Mind Games: How Killers Think

In the wake of several calculated murders, psychologists decode the brain of a criminal

QUEEN'S ROAD: The elaborate scheming that went into two murders — of Sheena Bora and Anuradha Macheri — that have hogged the headlines recently raises an intriguing question: how does a killer’s mind work?

While media baron Indrani Mukerjea allegedly smothered her daughter to death, Gokul Macheri, a middle-class techie from Bengaluru, is charged with killing his wife in the hope of reuniting with an ex-girlfriend. He even attempted to frame the woman’s husband as a terrorist by making a hoax bomb call to the airport. City Express spoke to psychologists about the triggers behind criminal behaviour.

Childhood matters

According to psychotherapist and family counsellor Meera Haran Alva, childhood trauma often fractures a person’s mental faculties enough to make it difficult for him or her to understand right from wrong. “Not much is known about Macheri’s childhood but there could be some triggers leading back to his early years. They may have suppressed his emotions. When one has been abused or mistreated, the perception of the world changes,” she said.

Indrani has admitted to the police that she was sexually assaulted by her step-father. Many infamous criminals have suffered childhood abuse. For instance, Charles Sobhraj, the serial killer who preyed on tourists in India, grew up poor on the streets of Vietnam. He was rejected by his mother’s second husband. “The environment one is brought up in creates a predisposition to certain activities,” Meera said.

She said the many forms of domestic violence and abuse that occur within the confines of a house are often not discussed openly. Referring to the Macheri case, she said, “Love can also bring passionate and intoxicating hate. Perhaps the violence already existed in that relationship. It may have ultimately manifested itself in the form of murder.” 

But the answer doesn’t lie in psychology alone, she added. “Much like the question of the chicken or the egg coming first, there is no simple answer to the complex question of brain wiring. Traumatic events could trigger certain chemical reactions in the brain, that is all we can say.”

Something snaps

Psychopathy refers to a personality disorder with a serious absence of remorse combined with anti-social feelings. Psychologists often cite it as a disorder many killers have. “In their heads, they are able to rationalise criminal actions. They believe certain people needed to die and feel no remorse for them. Sometimes, they lose patience while waiting for nature or law to take its course. Something snaps. They build up the wait into something more than what it is and take ‘justice’ into their own hands,” Meera said.

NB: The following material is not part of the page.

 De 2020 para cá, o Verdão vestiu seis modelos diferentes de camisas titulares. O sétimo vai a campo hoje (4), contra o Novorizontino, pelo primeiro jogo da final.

Split personality, now known as dissociative personality disorder, causes memory loss and an inability to recall any  changes in personality. However, in the Indrani and Macheri cases, both went back to their day-to-day lives. They were able to intelligently continue the facade that nothing had changed.

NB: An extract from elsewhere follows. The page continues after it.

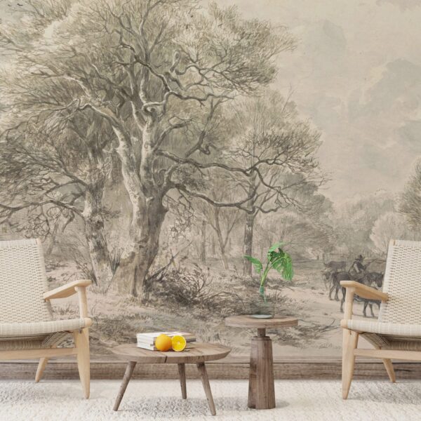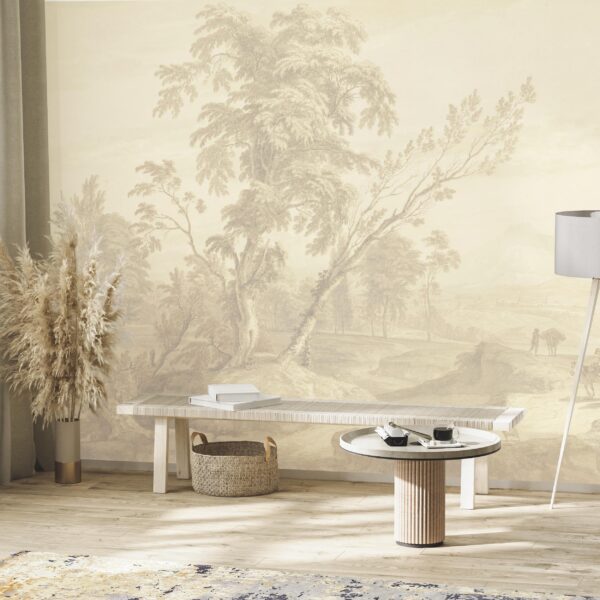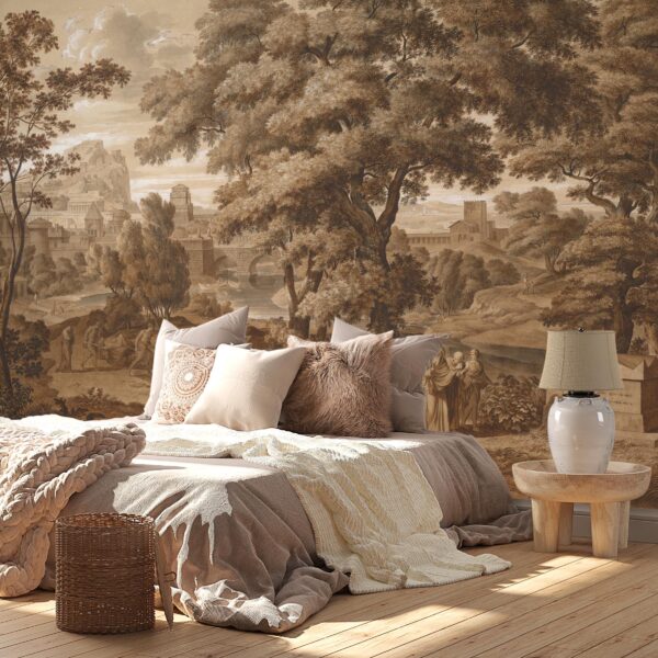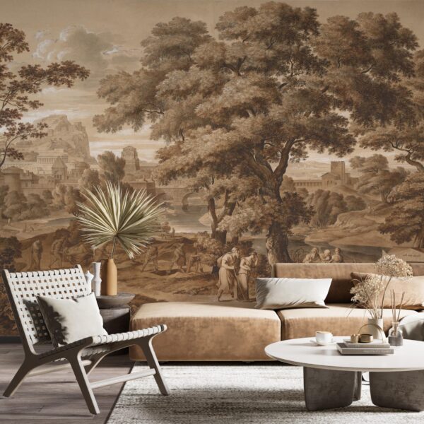 Vintage Sepya Manzara Duvar Kağıdı – Soft ve Elegant Tasarım

Kala Balasubramaniam, a psychologist, said, “By birth, the brain wiring could be different in some people. Scientists have been trying to find proof of this for years. Researchers have studied the brain to find patterns in neuro circuits of criminals, but nothing concrete has been established.”

According to her, the Sheena Bora and Anuradha Macheri cases were not just acts of passion. They were murders that were carefully premeditated. “Either you have a conscience that stops you from doing something wrong or there is a fear of punishment that holds you back. When both are absent, the problem arises. Some kind of lack of reasoning could be ingrained in their psychopathology. That also prevents them from feeling remorse.”

Turn of events

Rajesh Goyal, a Delhi-based psychiatrist, sees Macheri and Indrani as victims of circumstance, not people with mental disorders. “In order to save themselves or maybe on being unable to find a way out of their situation, they may have committed the crime. Neither has a past record to speak of, and they are not responsible for the entire chain of events. Both were part of it.”

On an unrelated note, he also dismissed a popular belief about serial killers — that they exhibit anti-social behaviour, hurt animals and may have been neglected as  children. According to him, this is a rather simplistic way of looking at things and the acts could be spurred on by recent events.